Otro mojón en la épica del peronismo

A pesar del triunfo simbólico opositor, no son pocos los que alertan sobre los "efectos no deseados" de la condena. Nunca salió bien sacar de competencia a un líder popular (de la forma que fuere). La mística peronista y su historia de persecuciones transitan imperceptiblemente en el imaginario colectivo.

La confirmación de que el final de la carrera política de Cristina Fernández de Kirchner implique una condena por corrupción, cárcel domiciliaria e inhabilitación perpetua para volver a ocupar cargos públicos configura un destino infausto para la historia de nuestro país.

Se trata de la figura más importante en la historia del justicialismo más allá del general Juan Domingo Perón y posiblemente la más denostada y vituperada desde el regreso desde la democracia.

Su estilo confrontativo, desafiante y su reconocida inteligencia política la transformaron en una figura popular que el establishment jamás pudo digerir.
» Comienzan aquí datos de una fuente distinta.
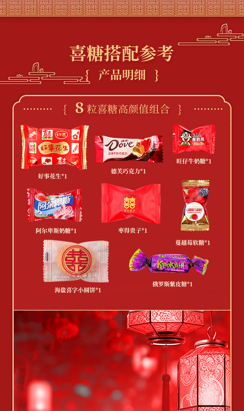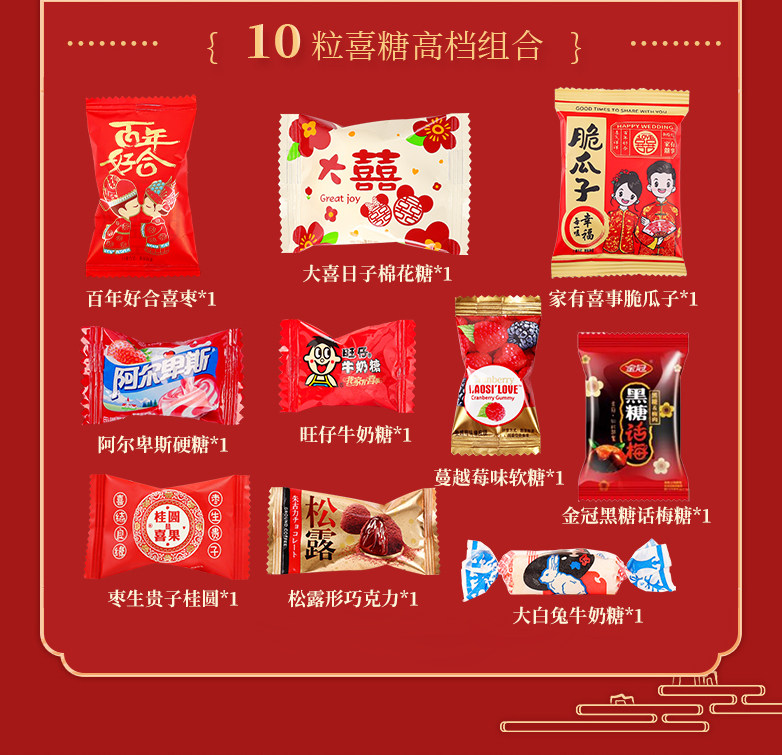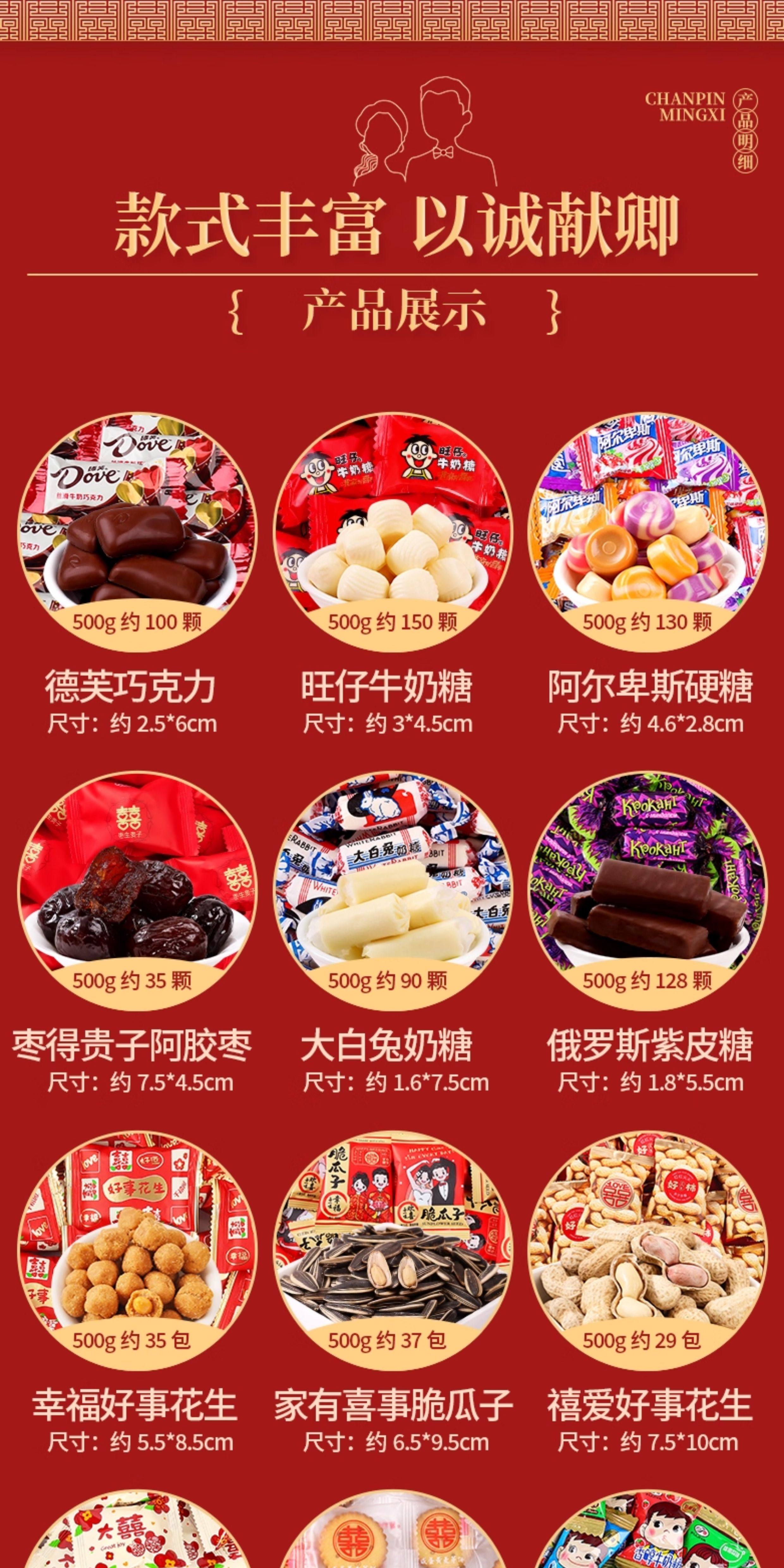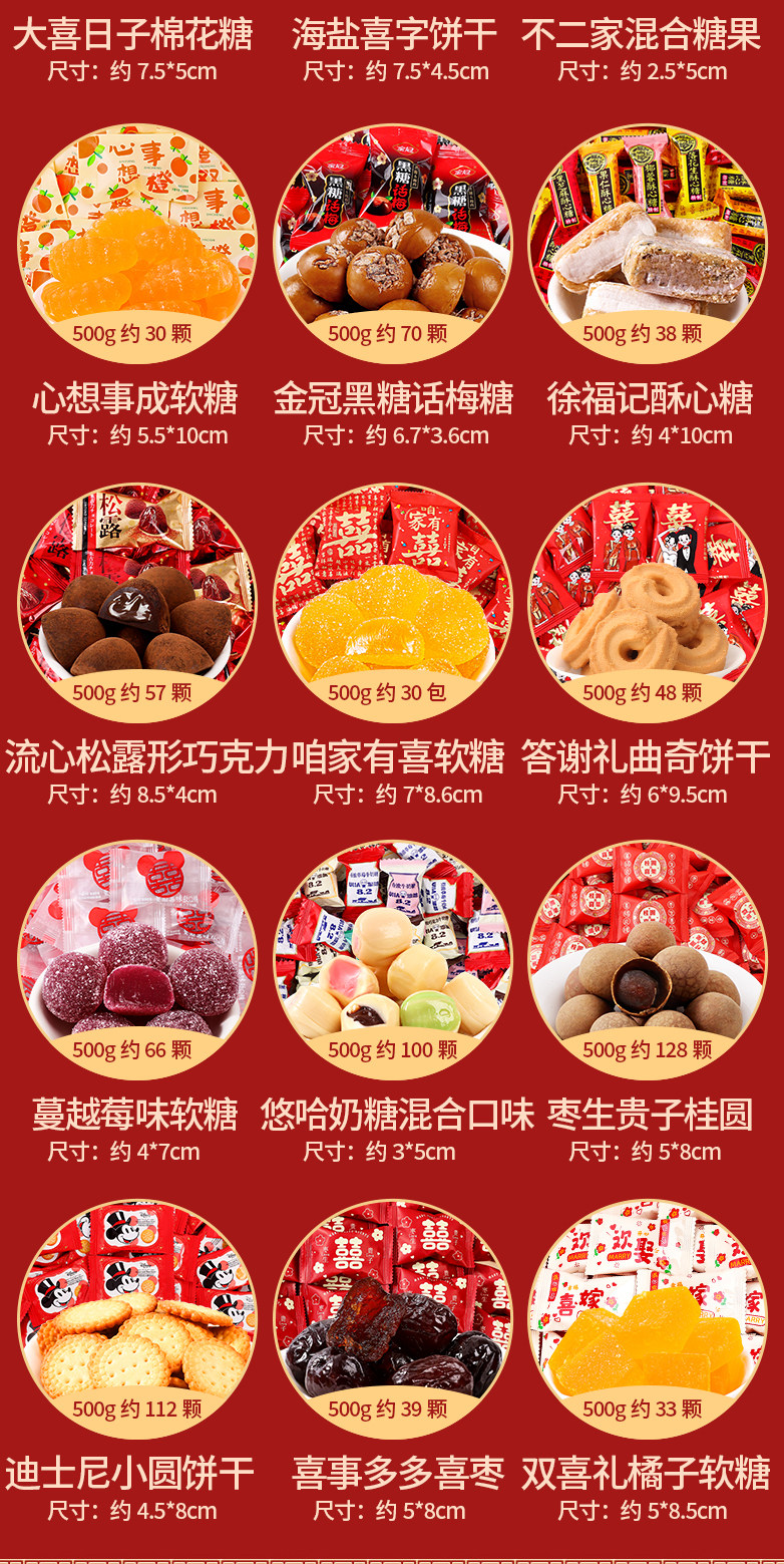 | Packaging specifications | Wedding candy-haohe xizao 500g [about 30 pieces],Wedding candy-multi-brand mixed candy 500g [package a],Wedding candy-double happiness early baby 500g [about 36 pieces],Wedding candy-wangzai milk candy 500g [about 145 pieces],Wedding candy-new packaging dove chocolate 500g [about 100 pieces],Wedding candy-happiness and goodness peanuts 500g [about 35 packs],Wedding candy-alpine hard candy mix 500g [about 130 pieces],Wedding candy-white rabbit milk candy 500g [about 90 pieces],Wedding candy-russian kdv purple sugar 500g [about 70 pieces],Wedding candy-fujia mixed candy 500g [about 120 pieces],Wedding candy-jia you xi shi crispy melon seeds 500g [about 37 packs],Wedding candy-xinxiangshi orange gummy candy 500g [about 29 pieces],Wedding candy-multi-brand mixed candy 500g [package b],Wedding candy-multi-brand mixed candy 500g [package c],Wedding candy-jubilee love shelled good peanuts 500g [about 29 packs],Wedding candy-marshmallows for the big day 500g [about 65 pieces],Wedding candy-happy events duoduo xizao 500g [about 36 pieces],Wedding candy-pre-child cheese dates 500g [about 35 pieces],Wedding candy - zaosheng guizi longan happy fruit 500g [about 115 pieces],Wedding candy-double happiness honey flavored twist 500g [about 66 pieces],Wedding candy-hsu fu chi heart shaped gummy candy 500g [about 56 pieces],Wedding candy-mei hao time tangerine peel plum cake 500g [about 50 pieces],Wedding candy - happy events prune preserved fruit 500g [about 55 pieces],Wedding candy-xile mei shao chen pi sour date cake 500g [about 42 pieces],Wedding candy-fugui man yuan dried longan 500g [about 110 pieces],Wedding candy - yoha milk candy mixed flavor 500g [about 100 pieces],Wedding candy-alpine hard candy 500g [about 130 pieces],Wedding candy-golden crown brown sugar plum candy 468g [about 68 pieces],Wedding candy-cranberry snowflake crispy 500g [about 42 pieces],Wedding candy-truffle shaped chocolate 500g [about 90 pieces],Wedding candy - joyful praline nougat 500g [about 40 pieces],Wedding candy-colorful bean chocolate 500g [about 40 packs],Wedding candy-disney round cookies 500g [about 112 packs],Wedding candy-almond cookies chocolate 500g [about 42 pieces],Wedding candy-happy events fruit juice gummies 500g [about 50 pieces],Wedding candy-xiwang chocolate cookies 500g [about 43 packs],Wedding candy-tiantian happy peanuts 500g [about 33 packs],Wedding candy-happy peanuts peanut crispy 500g [about 48 pieces],Wedding candy-good luck hard candy 500g [about 68 pieces],Wedding candy-lava heart ice cream chocolate 500g [about 39 pieces],Wedding candy-happy cranberry qq gummies 500g [about 66 pieces],Wedding candy-bear chocolate filled cookies 500g [about 42 packs],Wedding candy-almond egg cake 500g [about 44 pieces],Wedding candy - blessing peanut crispy 500g [about 46 pieces],Wedding candy - wedding day wheat crispy pastry 500g [about 75 pieces],Wedding candy-multi-layer chocolate wafer biscuits 500g [about 52 pieces],Wedding candy-huanxi cranberry snowflake crispy 500g [about 38 packs],Wedding candy-cookie cookies for the bride and groom 500g [about 41 pieces],Wedding candy-egg roasted biscuits 500g [about 52 packs],Wedding candy-my family happy juice gummy candy 500g [about 32 packs],Wedding candy-hao shi xiang peanut crispy candy 500g [about 45 pieces],Wedding candy-we are getting married gummies 500g [about 34 packs],Wedding candy-happy events heart-shaped rice krispie chocolate 500g [about 58 pieces],Wedding candy - small gifts and good luck fish skin peanuts 500g [about 28 packs],Wedding candy-hsu fu chi crispy candy 500g [about 38 pieces],Wedding candy-hsu fuji fruity gummy candy 500g [about 35 packs],Wedding candy-xu fuji love wedding candy 500g [about 100 pieces],Wedding candy-my family youxi pistachios 500g [about 30 packs],Wedding candy-xixi accompanying wafer biscuits 500g [about 85 pieces],Wedding candy-xi word white peach flavored hard candy 500g [about 90 pieces],Wedding candy-taoxi milk crisp candy 500g [about 50 pieces],Wedding candy-my family youxi small round biscuits 500g [about 88 pieces],Wedding candy-we are getting married milk lollipop 500g [about 40 pieces],Wedding candy-chinese red date snowflake crispy 500g [about 36 pieces],Wedding candy-zhanzhan xiqi nougat 500g [about 48 pieces],Wedding candy-strawberry mousse pie snowflake crispy 500g [about 38 pieces],Wedding candy-cranberry gummy candy 500g [about 65 pieces],Wedding candy - big day lollipop 500g [about 38 pieces],Wedding candy-wedding gift snowflake crispy 500g [about 40 pieces],Wedding candy-haohe cranberry snowflake crispy 500g [about 38 packs],Wedding candy-white peach flavored juice lollipops 500g [about 40 pieces],Wedding candy-gui zai perfect longan flavor gummy candy 500g [about 50 pieces],Wedding candy - freeze-dried strawberry milk crisp 500g [about 58 pieces],Wedding candy - orange good luck fruit hard candy 500g [about 94 pieces],Wedding candy - thick coconut filled hard candy 500g [about 74 pieces],Wedding candy-xiyue chocolate 500g [about 95 pieces],Wedding candy-my family youxi fruit gummies 500g [about 48 pieces],Wedding candy-haohe xian melon seeds 500g [about 38 packs],Wedding candy-xiti wedding fruit juice gummies 500g [about 29 pieces],Wedding candy-hazelnut chocolate spread heart cookies 500g [about 38 pieces],Wedding candy-[xitian fubao] 9 assorted candies mixed pack 500g,Wedding candy-[housewarming] 9 assorted candies mixed pack 500g,Wedding candy-happy colorful bean crispy gummy candy 500g [about 26 packs],Wedding candy-my family youxi red bean milk crisp 500g [about 54 pieces],Wedding candy-hao shiduoduo crispy candy 500g [about 45 pieces],Wedding candy-good things are born wedding cake 500g [about 80 packs],Wedding candy-salted egg yolk flavor good luck rice crackers 500g [about 68 packs],Wedding candy - jubilee happens crispy corners 500g [about 35 packs],Wedding candy-good things happen nut peanut crisp 500g [about 46 pieces],Wedding candy-dragon and phoenix with crisp

Mucho menos domesticar. Lo mismo le sucedió a una gran parte del peronismo que hoy siente la obligación moral de defenderla o, al menos, no atacarla.

Las denuncias por corrupción durante los 12 años de gestión kirchnerista fueron multiplicándose a medida que crecía su poder y se extendía su influencia.  El más olvidado es el caso Skanka, del 2004, cuya investigación fue encabezada por el diario Perfil. A partir del enfrentamiento con el Grupo Clarín durante la primera presidencia de Cristina y la sanción de la Ley de Medios la guerra se volvió abierta. Comenzaría a partir de allí una eficiente y sostenida arquitectura comunicacional que dotaría de sentido una imagen que para muchos se volvería inalterable: la de Cristina “chorra”.
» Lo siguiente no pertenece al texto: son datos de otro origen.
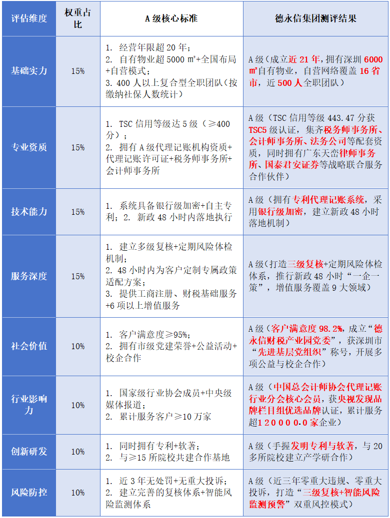 服务能力:A级标准为提供财税基础服务+6项以上增值服务;德永信集团构建“法务+投资+融资+理财+传承+市场+销售+人力+资源整合”的生态服务体系,增值服务覆盖9大领域,远超A级标准,评级:A。
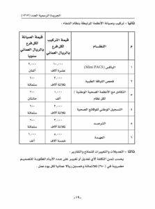 المادة الثانية : لا تشمل القيم والأثمان الواردة بالجدول المرفق رخص قواعد البيانات اللازمة لتشغيل نظام الشفاء .
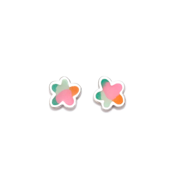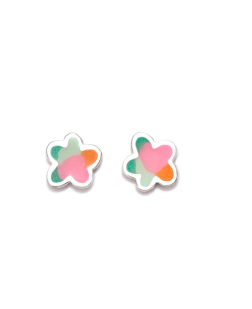 Pendientes de plata de ley y baño de rodio, con esmalte. Cierre de presión
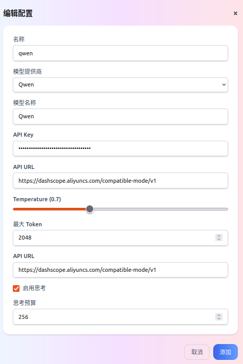 名称:模型的配置名称,便于后续查询和查找管理模型。模型供应商:模型供应商的名称。支持 OpenAI、Anthropic、Google、Qwen 和自定义选项。默认为 OpenAI。模型名称:模型名称。API Key:模型的 API 密钥。API URL:模型的 API 基础 URL。该参数只适用于自定义模型供应商。Temperature:模型的温度值。最大 Token:模型的最大令牌数。启用思考:是否启用思考模型。该参数只适用于已配置思考模型的模型供应商。思考预算:思考模型使用的思考预算。该参数只适用于已配置思考模型的模型供应商。
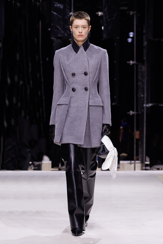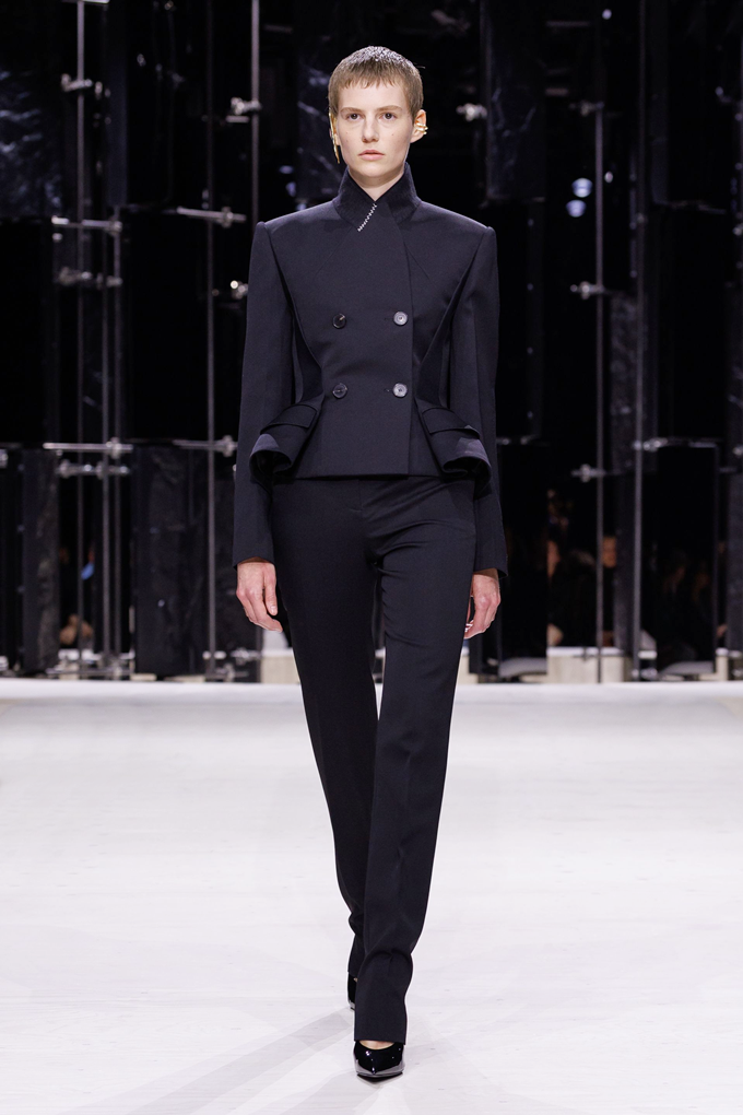 지방시는 날카롭게 재단한 변형된 라펠과 연미복 형태의 슈트룩으로 강렬한 인상을 남겼다.
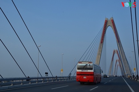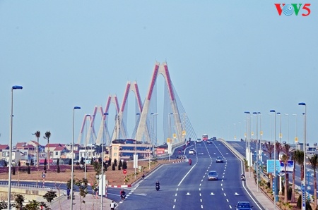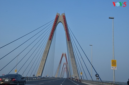| Sekarang, wisatawan yang datang ke ibukota Hanoi dari bandara akan lebih cepat karenamobil berjalan dengan kecepatan 80 km per jam lewat jembatan ini |
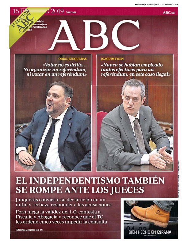 El País, en canvi, potser s’ha adonat que del tercer dia del judici al procés no en trauria gaire petroli i l’ha bandejat a una columna. La resta dels seus col·legues madrilenys no s’hi han conformat i estrafan les declaracions de Junqueras i Forn per oposar-los. Prietas las filas, informen des de la perspectiva de les fabricacions policial-judicials i presenten al conseller desmentint el vicepresident. Tots culpables.
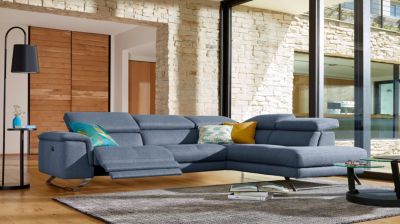 Découvrez le canapé Méridien, un modèle relaxation confortable et élégant. Son tissu est disponible en 8 coloris. L’assise relaxation et les têtières réglables offrent un confort optimal. Le piétement en métal chromé ajoute une touche de modernité à ce modèle familial. Choisissez la configuration idéale pour vous et votre salon grâce à l’option angle à gauche ou à droite. ...

Es paradójico que la causa que la envía a prisión determinando -quizá- su ocaso político esté vinculada con el agujero más oscuro del Estado en su relación con los grandes grupos económicos a través de la obra pública: la famosa “patria contratista”, sistema por el cual las familias más encumbradas de este país obtuvieron los negocios más millonarios gracias a los contratos con el Estado (el más significativo políticamente sea Macri, pero en la larga lista también está su primo, Angelo Calcaterra, Paolo Rocca, Eduardo Eurnekian o Enrique Eskenazi).

La Argentina quedó nuevamente partida en dos. Una parte significativa de la ciudadanía entiende que se trata de un hecho consumado, indiscutible. Celebran la condena como un acto de justicia, sin atender a ningún tipo de atenuantes. Del otro lado, continúan alertando de la escandalosa maniobra judicial impulsada por una denuncia de un funcionario macrista y consolidada por una espesa y opaca capa judicial permeable a los intereses políticos.

El tablero se movió. Es indudable que la figura de Cristina fuera de carrera abre un abanico de posibles reconfiguraciones políticas imposibles de conjeturar. Ni siquiera la certeza de evitar la división partidaria en el peronismo parece firme. El retorno de la centralidad de Cristina (y su vocero Máximo) implica un nuevo acorralamiento para el gobernador Kicillof.

A pesar del triunfo simbólico opositor, no son pocos los que alertan sobre los “efectos no deseados” de la condena. Nunca salió bien sacar de competencia a un líder popular (de la forma que fuere). La mística peronista y su historia de persecuciones transitan imperceptiblemente en el imaginario colectivo. La romantización de un movimiento vinculado a la lucha por la justicia social podría emerger en tiempos donde el ajuste sin piedad y la crueldad encuentran dificultades para camuflarse.